**SOURCE MATERIAL**
=== Begin Enclosure ===
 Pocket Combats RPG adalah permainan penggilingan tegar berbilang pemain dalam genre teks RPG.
=== End Enclosure ===
=== Begin Enclosure ===
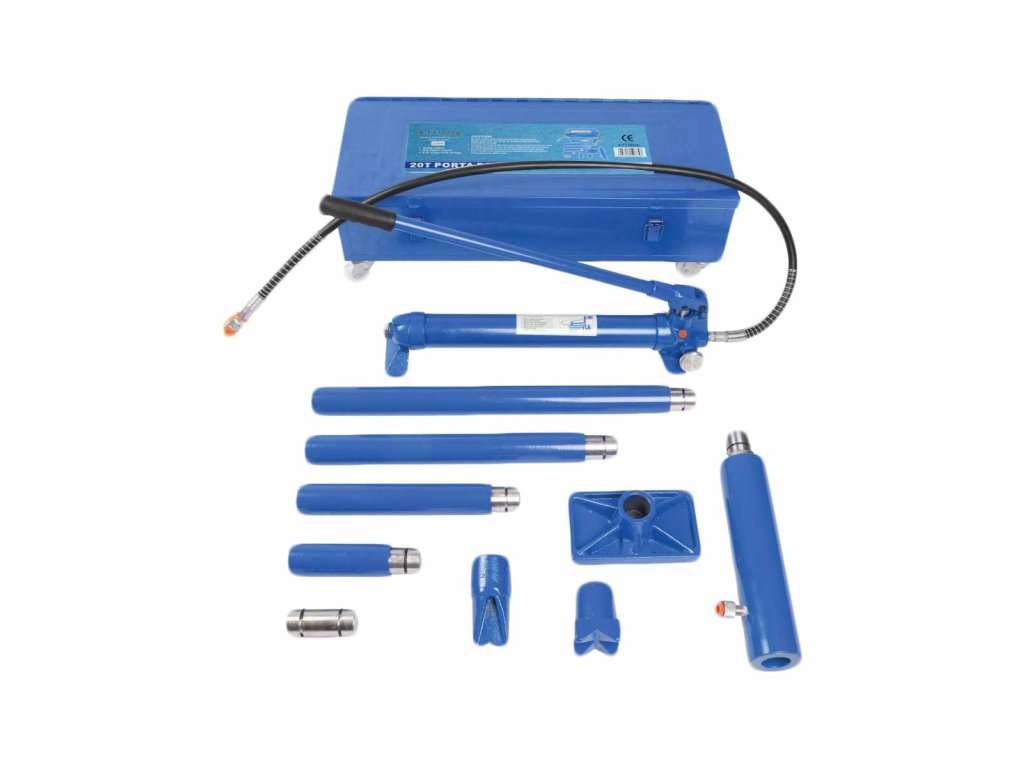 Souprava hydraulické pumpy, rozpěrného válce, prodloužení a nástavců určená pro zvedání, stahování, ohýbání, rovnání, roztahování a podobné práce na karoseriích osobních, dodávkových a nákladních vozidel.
=== End Enclosure ===
=== Begin Enclosure ===
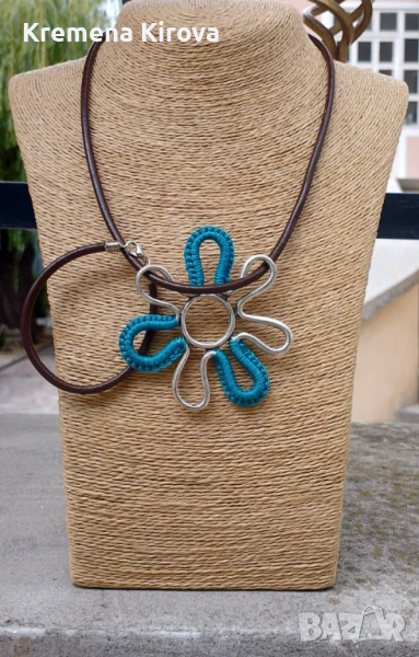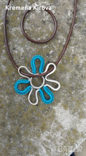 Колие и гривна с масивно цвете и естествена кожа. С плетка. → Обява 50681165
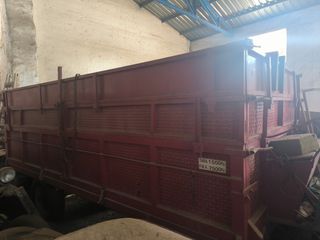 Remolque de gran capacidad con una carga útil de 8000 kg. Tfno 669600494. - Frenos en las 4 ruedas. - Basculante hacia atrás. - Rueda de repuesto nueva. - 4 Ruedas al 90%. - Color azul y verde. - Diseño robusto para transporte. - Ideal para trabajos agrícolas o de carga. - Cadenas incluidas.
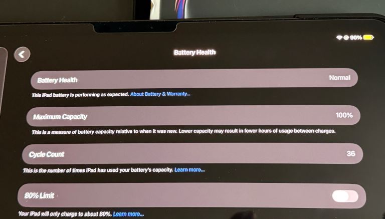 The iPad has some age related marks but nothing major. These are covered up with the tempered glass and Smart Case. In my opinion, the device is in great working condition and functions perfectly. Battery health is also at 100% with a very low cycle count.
=== End Enclosure ===
**YOUR OBJECTIVE**
Reproduce the data above exactly, but only from the line containing "Колие и гривна" through the line containing "The iPad has"; skip the pictures.

**RESPONSE AREA**
 Колие и гривна с масивно цвете и естествена кожа. С плетка. → Обява 50681165
 Remolque de gran capacidad con una carga útil de 8000 kg. Tfno 669600494. - Frenos en las 4 ruedas. - Basculante hacia atrás. - Rueda de repuesto nueva. - 4 Ruedas al 90%. - Color azul y verde. - Diseño robusto para transporte. - Ideal para trabajos agrícolas o de carga. - Cadenas incluidas.
 The iPad has some age related marks but nothing major. These are covered up with the tempered glass and Smart Case. In my opinion, the device is in great working condition and functions perfectly. Battery health is also at 100% with a very low cycle count.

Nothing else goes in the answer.